> Work task:
For every entry that follows, return the words exactly and omit any picture.

Segment Start: Information supplied

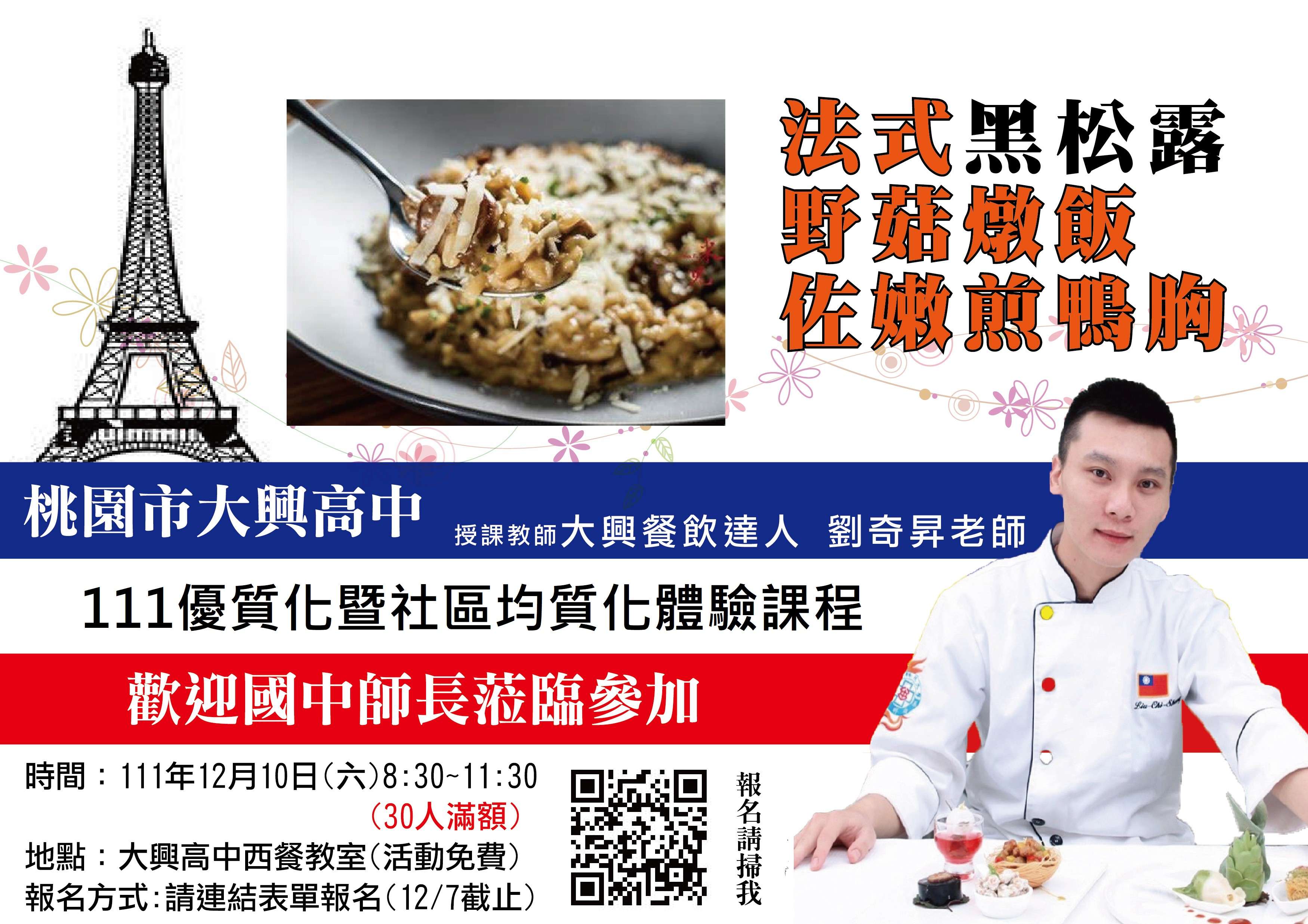 四、地點:上課場地:大興高中西餐實習教室,桃園市大園區永 興路142號。
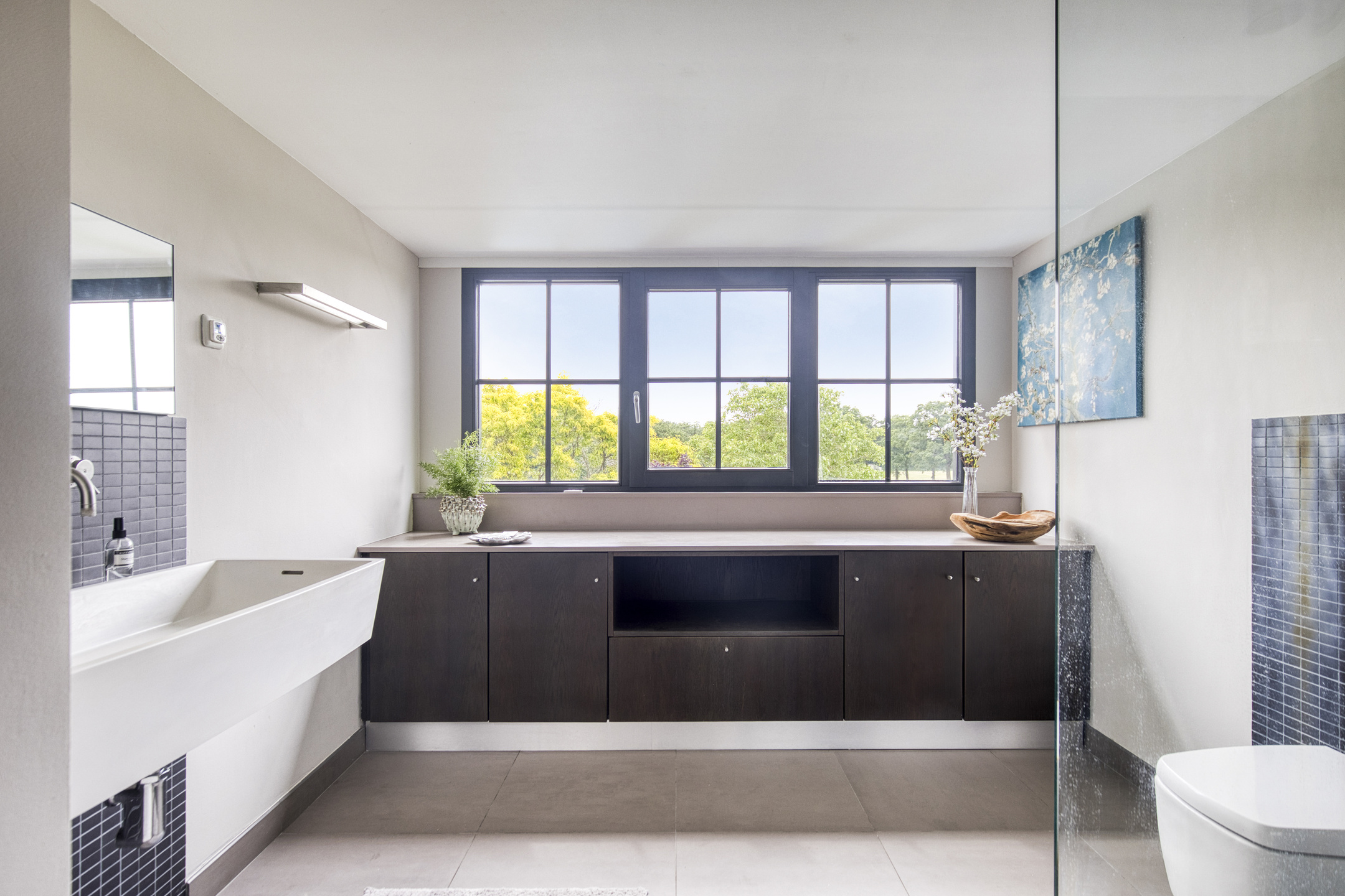 2e betegelde Boffi badkamer, voorzien van een inloopdouche, 3e wandcloset, badkamermeubel met een wastafel, dressoirkast en een dakkapel.
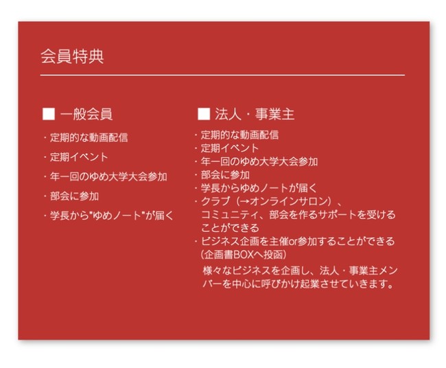 会員種別は一般と法人・事業主(個人事業も含む)の2種類。インタビュー動画の視聴、イベントや部会への参加は共通で、法人会員はサロン内コミュニティの立ち上げ・運営、ビジネス企画への参画が可能になります。さらに法人会員の大きな特典としてインタビュー動画(対外向け)への出演など、さまざまな形で広くPRできる環境を提供します。
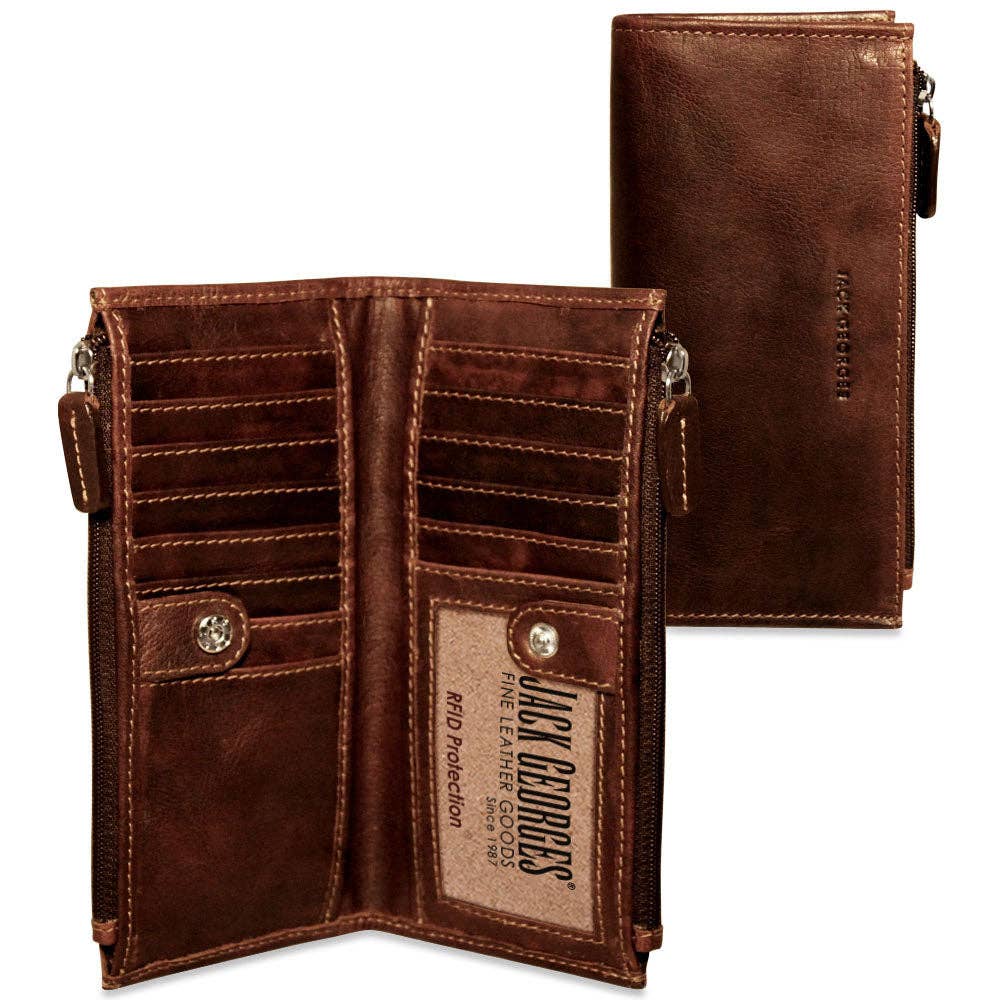 FREE MONOGRAMMING! HAND-STAINED BUFFALO LEATHER Organize your cash, cards, and photo ID in this classic bill fold with flap and RFID protection. Made from hand-stained buffalo leather that builds a rich patina as it ages. The Voyager Bifold wallet features rounded corners to resist breakage, 11 card slots, double currency pockets, slip pockets for important papers and receipts, and a window for your driver's license, school, or work ID. Classic styling combined with resilient leather ensure that this handmade wallet will look better the longer that you carry it. This wallet features: * RFID protection * Slots for 11 credit cards * An ID window * A double pocket to hold currency * Slip pockets to hold receipts, notes, etc. * Rounded corners to resist breakage * Handmade construction
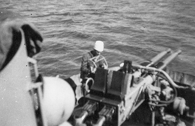 133k | USS LSM(R(-528) aft twin 40mm gun mount. | Donald Tourville USS LSMR-528 | |
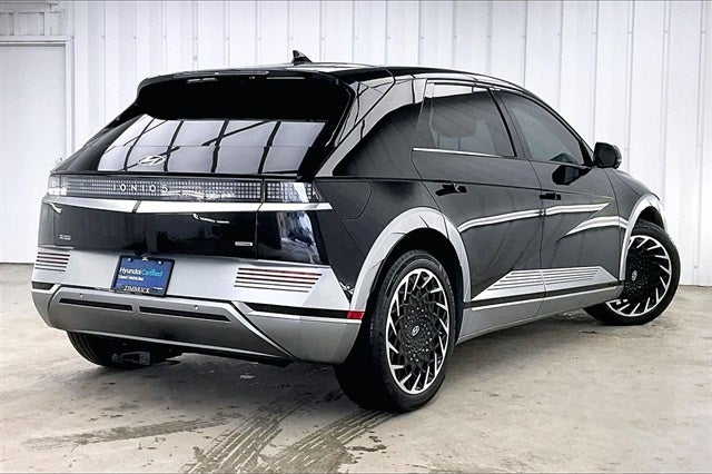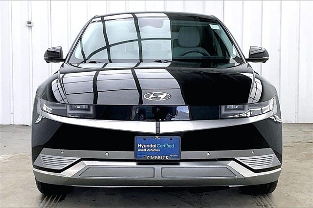 2023 Hyundai IONIQ 5 Limited Abyss Black Electric Motor AWD 113/90 City/Highway MPG Hyundai Certified Used Vehicles Certified, Navigation System, Option Group 01, 4-Wheel Disc Brakes, 4.706 Axle Ratio, 8 Speakers, ABS brakes, Air Conditioning, Alloy wheels, AM/FM radio: SiriusXM, Apple CarPlay & Android Auto, Auto High-beam Headlights, Auto-dimming Rear-View mirror, Automatic temperature control, Bodyside moldings, Brake assist, Bumpers: body-color, Carpeted Floor Mats, Delay-off headlights, Driver door bin, Driver vanity mirror, Dual front impact airbags, Dual front side impact airbags, Electronic Stability Control, Emergency communication system: Blue Link Connected Car Service (3-year complimentary subscription), Exterior Parking Camera Rear, First Aid Kit, Four wheel independent suspension, Front anti-roll bar, Front Bucket Seats, Front Center Armrest w/Storage, Front dual zone A/C, Front reading lights, Fully automatic headlights, Garage door transmitter: HomeLink, H-Tex Leatherette Seating Surfaces, Heads-Up Display, Heated & Ventilated Front Bucket Seats, Heated door mirrors, Heated front seats, Heated steering wheel, Illuminated entry, Leather steering wheel, Low tire pressure warning, Memory seat, Occupant sensing airbag, Outside temperature display, Overhead airbag, Overhead console, Panic alarm, Passenger door bin, Passenger vanity mirror, Power door mirrors, Power driver seat, Power Liftgate, Power passenger seat, Power steering, Power windows, Radio: AM/FM/SiriusXM/HD Display Audio System, Rain sensing wipers, Rear anti-roll bar, Rear reading lights, Rear seat center armrest, Rear window defroster, Remote keyless entry, Security system, Speed control, Speed-sensing steering, Split folding rear seat, Spoiler, Steering wheel mounted audio controls, Telescoping steering wheel, Tilt steering wheel, Tow Hitch, Traction control, Trip computer, Turn signal indicator mirrors, Up Seatback Cargo Mat, Variably intermittent wipers, Ventilated front seats, Wheels: 20 x 8.5J Aero Alloy, Local Trade!, One Owner!, Navigation System, Option Group 01.
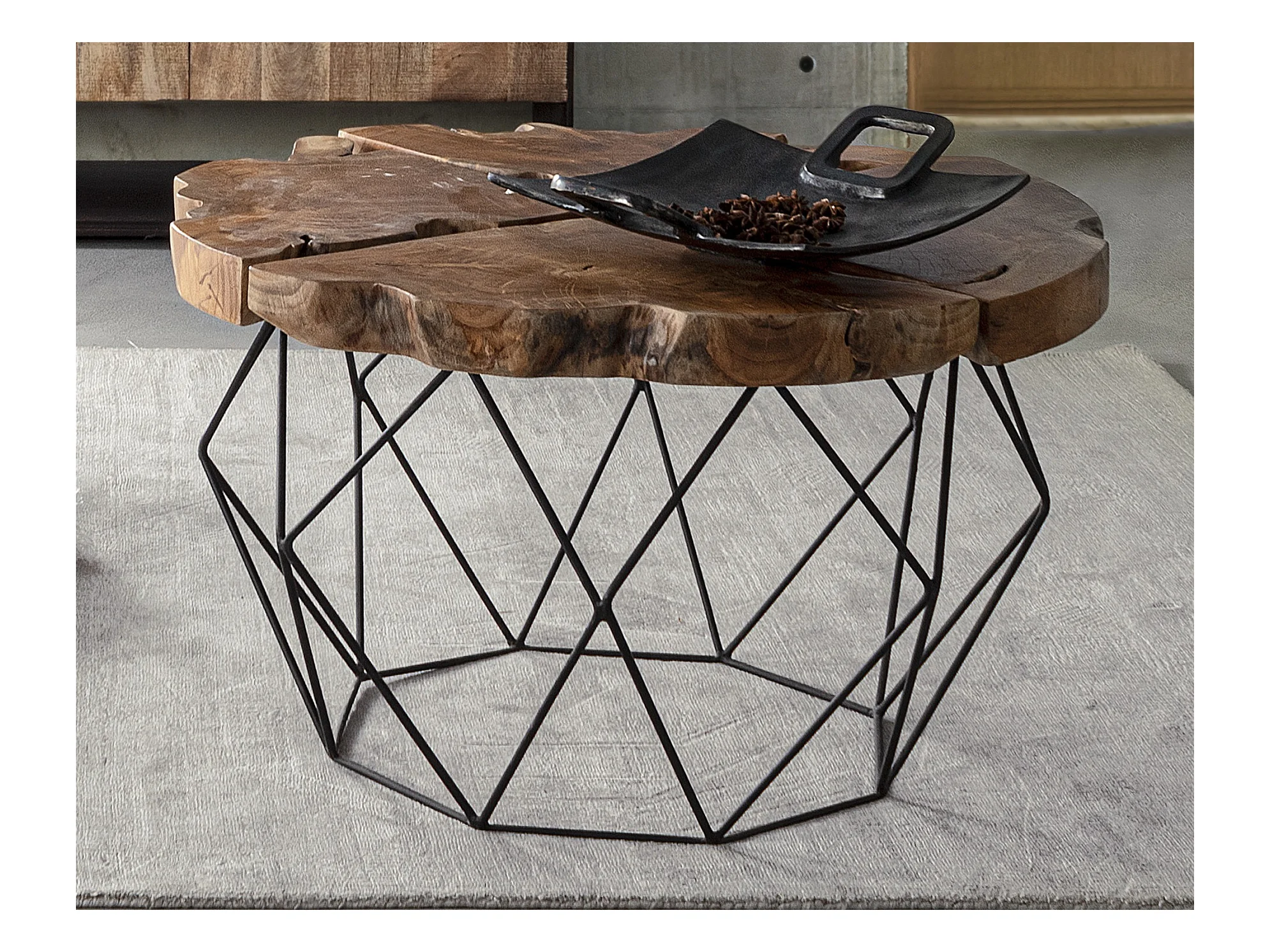 Table basse en bois teck et pieds acier noir Ada L 80cm
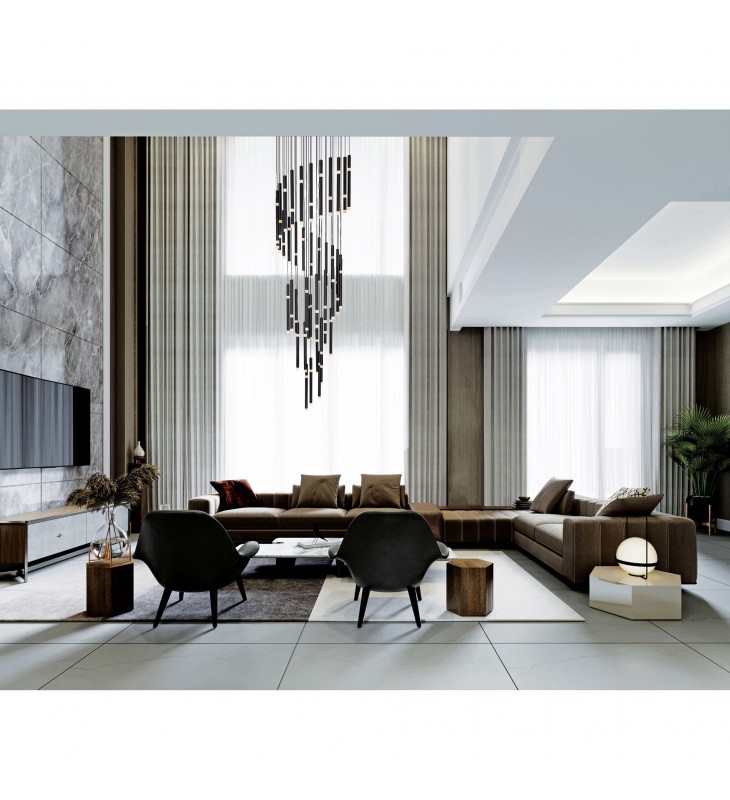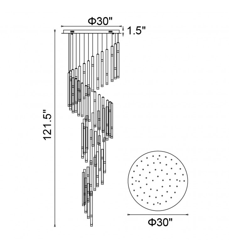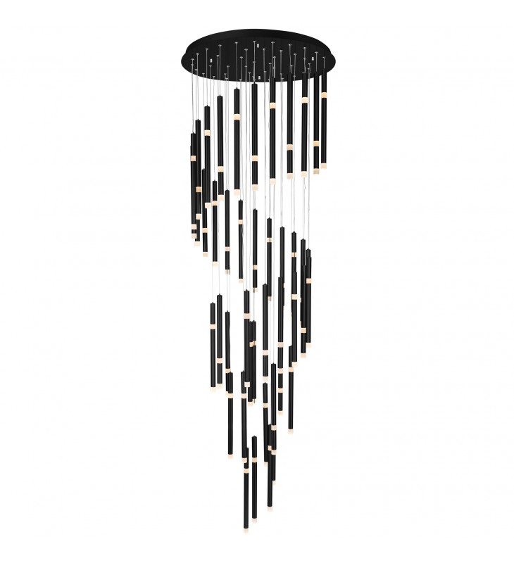The showstopping Flute 54 Light Chandelier is not just a light fixture but a home decor statement piece. Suspending from a 30 inch black round canopy are 54 bulbs ready to give a luxurious glow over your hallway, stairwell, or living room. This contemporary chandelier is set to give an extra touch of style to your space given its sleek spiral silhouette.
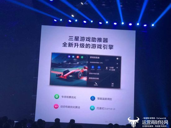 现场他重点介绍了三星全新升级的游戏引擎,其游戏助推器的高性能能够保证玩家游戏的流畅性以及强大的续航能力和散热性能,并拿到了权威机构颁发的游戏高性能五星级证书。
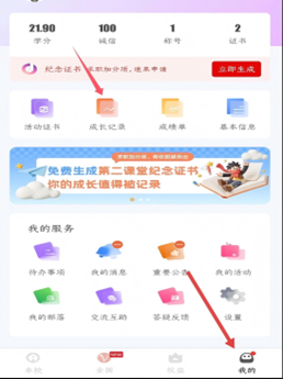 (2)二课学分查询流程:登录到梦空间之后,可以点击屏幕下方“我的”界面可查看二课学分及成长记录。

Segment End: Information supplied

> Result below:
 四、地點:上課場地:大興高中西餐實習教室,桃園市大園區永 興路142號。
 2e betegelde Boffi badkamer, voorzien van een inloopdouche, 3e wandcloset, badkamermeubel met een wastafel, dressoirkast en een dakkapel.
 会員種別は一般と法人・事業主(個人事業も含む)の2種類。インタビュー動画の視聴、イベントや部会への参加は共通で、法人会員はサロン内コミュニティの立ち上げ・運営、ビジネス企画への参画が可能になります。さらに法人会員の大きな特典としてインタビュー動画(対外向け)への出演など、さまざまな形で広くPRできる環境を提供します。
 FREE MONOGRAMMING! HAND-STAINED BUFFALO LEATHER Organize your cash, cards, and photo ID in this classic bill fold with flap and RFID protection. Made from hand-stained buffalo leather that builds a rich patina as it ages. The Voyager Bifold wallet features rounded corners to resist breakage, 11 card slots, double currency pockets, slip pockets for important papers and receipts, and a window for your driver's license, school, or work ID. Classic styling combined with resilient leather ensure that this handmade wallet will look better the longer that you carry it. This wallet features: * RFID protection * Slots for 11 credit cards * An ID window * A double pocket to hold currency * Slip pockets to hold receipts, notes, etc. * Rounded corners to resist breakage * Handmade construction
 133k | USS LSM(R(-528) aft twin 40mm gun mount. | Donald Tourville USS LSMR-528 | |
 2023 Hyundai IONIQ 5 Limited Abyss Black Electric Motor AWD 113/90 City/Highway MPG Hyundai Certified Used Vehicles Certified, Navigation System, Option Group 01, 4-Wheel Disc Brakes, 4.706 Axle Ratio, 8 Speakers, ABS brakes, Air Conditioning, Alloy wheels, AM/FM radio: SiriusXM, Apple CarPlay & Android Auto, Auto High-beam Headlights, Auto-dimming Rear-View mirror, Automatic temperature control, Bodyside moldings, Brake assist, Bumpers: body-color, Carpeted Floor Mats, Delay-off headlights, Driver door bin, Driver vanity mirror, Dual front impact airbags, Dual front side impact airbags, Electronic Stability Control, Emergency communication system: Blue Link Connected Car Service (3-year complimentary subscription), Exterior Parking Camera Rear, First Aid Kit, Four wheel independent suspension, Front anti-roll bar, Front Bucket Seats, Front Center Armrest w/Storage, Front dual zone A/C, Front reading lights, Fully automatic headlights, Garage door transmitter: HomeLink, H-Tex Leatherette Seating Surfaces, Heads-Up Display, Heated & Ventilated Front Bucket Seats, Heated door mirrors, Heated front seats, Heated steering wheel, Illuminated entry, Leather steering wheel, Low tire pressure warning, Memory seat, Occupant sensing airbag, Outside temperature display, Overhead airbag, Overhead console, Panic alarm, Passenger door bin, Passenger vanity mirror, Power door mirrors, Power driver seat, Power Liftgate, Power passenger seat, Power steering, Power windows, Radio: AM/FM/SiriusXM/HD Display Audio System, Rain sensing wipers, Rear anti-roll bar, Rear reading lights, Rear seat center armrest, Rear window defroster, Remote keyless entry, Security system, Speed control, Speed-sensing steering, Split folding rear seat, Spoiler, Steering wheel mounted audio controls, Telescoping steering wheel, Tilt steering wheel, Tow Hitch, Traction control, Trip computer, Turn signal indicator mirrors, Up Seatback Cargo Mat, Variably intermittent wipers, Ventilated front seats, Wheels: 20 x 8.5J Aero Alloy, Local Trade!, One Owner!, Navigation System, Option Group 01.
 Table basse en bois teck et pieds acier noir Ada L 80cm
The showstopping Flute 54 Light Chandelier is not just a light fixture but a home decor statement piece. Suspending from a 30 inch black round canopy are 54 bulbs ready to give a luxurious glow over your hallway, stairwell, or living room. This contemporary chandelier is set to give an extra touch of style to your space given its sleek spiral silhouette.
 现场他重点介绍了三星全新升级的游戏引擎,其游戏助推器的高性能能够保证玩家游戏的流畅性以及强大的续航能力和散热性能,并拿到了权威机构颁发的游戏高性能五星级证书。
 (2)二课学分查询流程:登录到梦空间之后,可以点击屏幕下方“我的”界面可查看二课学分及成长记录。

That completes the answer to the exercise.